Justice Bagchi responded that unlike EU regulations, the DPDP Act did not address the economic value of data. “Mr. Solicitor, you have to examine, when you examine the DPDP Act, the difference between the DPDP Act and the EU Regulation is, EU considers not only privacy but also value. If I have an empty space and you are using that space for R&D, won’t you give me rent? There is no rent sharing in the DPDP Act in respect of personal data which may not be private. I may have personal data of various shades of privacy. Privacy is lost as soon as I share data online. If privacy is lost on data, they say there is no value on the data. Is that an acceptable jurisprudential idea?” Justice Bagchi asked.

The Solicitor General said the issue would be placed before the appropriate authority. Justice Bagchi remarked that “all over the world, judiciaries will have to go into an intensive and innovative oversight into these aspects.”

Senior Advocate Samar Bansal, appearing for the CCI, submitted that the regulator had already examined these issues while imposing the penalty. “Their entire revenue comes from advertising. We are the products. It is free because of that,” he said.

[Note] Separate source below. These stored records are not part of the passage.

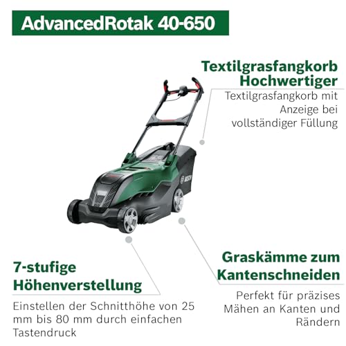 Bosch leistungsstarker Rasenmäher AdvancedRotak 40-650 (zum Rasenmähen, 1700 W Motorleistung, Schnittbreite: 40 cm)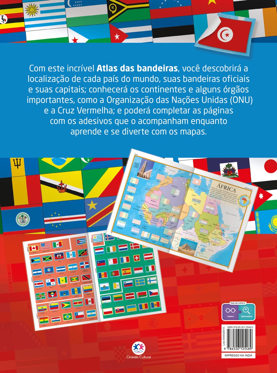 Com este incrível Atlas das bandeiras, você descobrirá a localização de cada país do mundo, suas bandeiras oficiais e suas capitais; conhecerá os continentes e alguns órgãos importantes, como a Organização das Nações Unidas (ONU) e a Cruz Vermelha; e poderá completar as páginas com os adesivos que o acompanham enquanto aprende e se diverte com os mapas.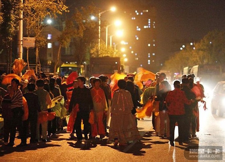 2013年09月11日,吉林省长春市,居民自发组成的秧歌队正在道路一侧扭秧歌,一辆货车从秧歌队旁驶过。对于交通安全,老人们都不太在意,他们说上百人在路上跳,目标很大,开车的人能躲着他们,不可能撞到他们的。

CJI Surya Kant observed that while earning “legitimate income” was not objectionable, “the commercial interests of the companies cannot be at the cost of the rights of Indians.”

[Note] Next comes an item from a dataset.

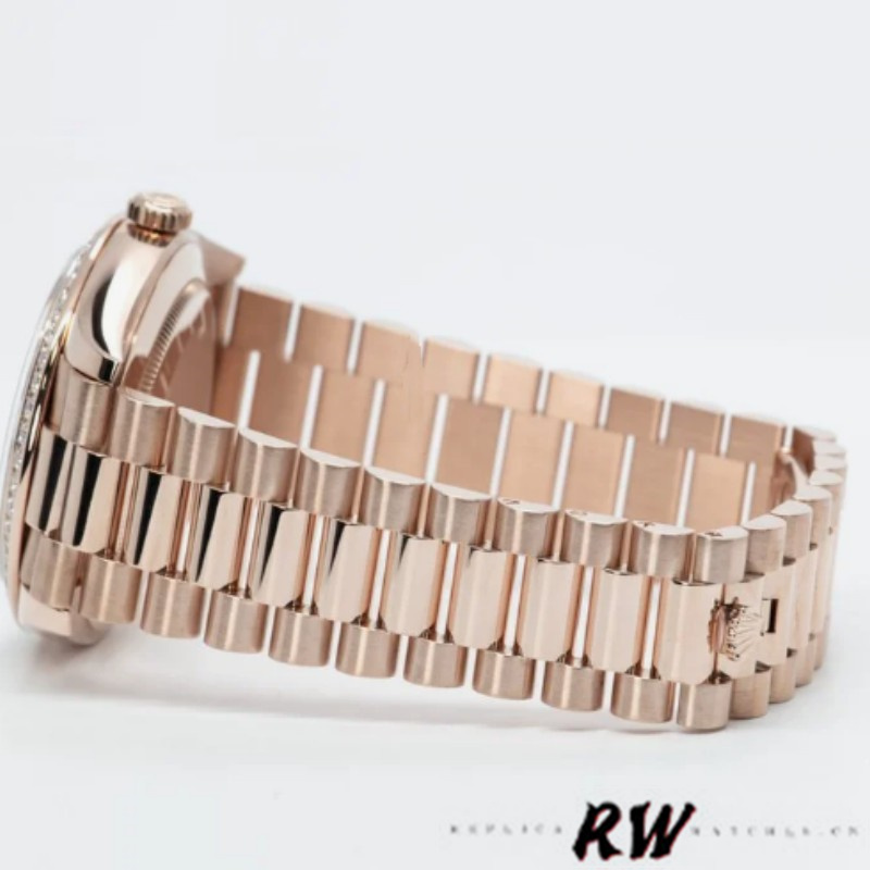 Rolex Day-Date 228345RBR Chocolate Brown Diamond Dial Diamond Bezel 40mm Mens Watch, featuring a 40mm Everose Gold case, solid case back with screw-down crown and Diamond Bezel. Scratch-resistant sapphire crystal with Cyclops magnifying glass.Chocolate Brown Dial Diamond Hour Markers, date window at 3 o'clock, day of the week window at 12 o'clock,Everose Gold three-piece presidential bracelet with deployant clasp.

In response to the court’s concerns, Rohatgi stated that Meta would file a detailed affidavit explaining its activities and requested the court to decide the matter thereafter. Accepting the request, the Bench adjourned the case to next Monday and permitted Meta and WhatsApp to file affidavits. On the suggestion of Bansal, the court also impleaded the Ministry of Electronics and Information Technology as a party to the proceedings.

Background

The dispute originates from a November 2024 order of the CCI examining WhatsApp’s 2021 privacy policy update. The regulator held that WhatsApp, which enjoys a dominant position in India’s OTT messaging market, imposed a “take-it-or-leave-it” framework on users, effectively denying them any meaningful opt-out.

According to the CCI, WhatsApp made continued access to its messaging service conditional upon acceptance of expanded data sharing with other Meta group entities, amounting to abuse of dominant position under the Competition Act, 2002. The CCI imposed a penalty of ₹213.14 crore and issued remedial directions including prohibiting forced data sharing, mandating opt-in and opt-out mechanisms, and requiring detailed disclosures.

Meta Platforms and WhatsApp challenged the order before the NCLAT in January 2025. In November 2025, the NCLAT set aside the five-year restriction on advertising-related data sharing and overturned the CCI’s finding that WhatsApp had unlawfully leveraged its dominance into Meta’s advertising ecosystem. However, it upheld the ₹213.14 crore penalty imposed by the CCI.

The matter is now pending final adjudication before the Supreme Court.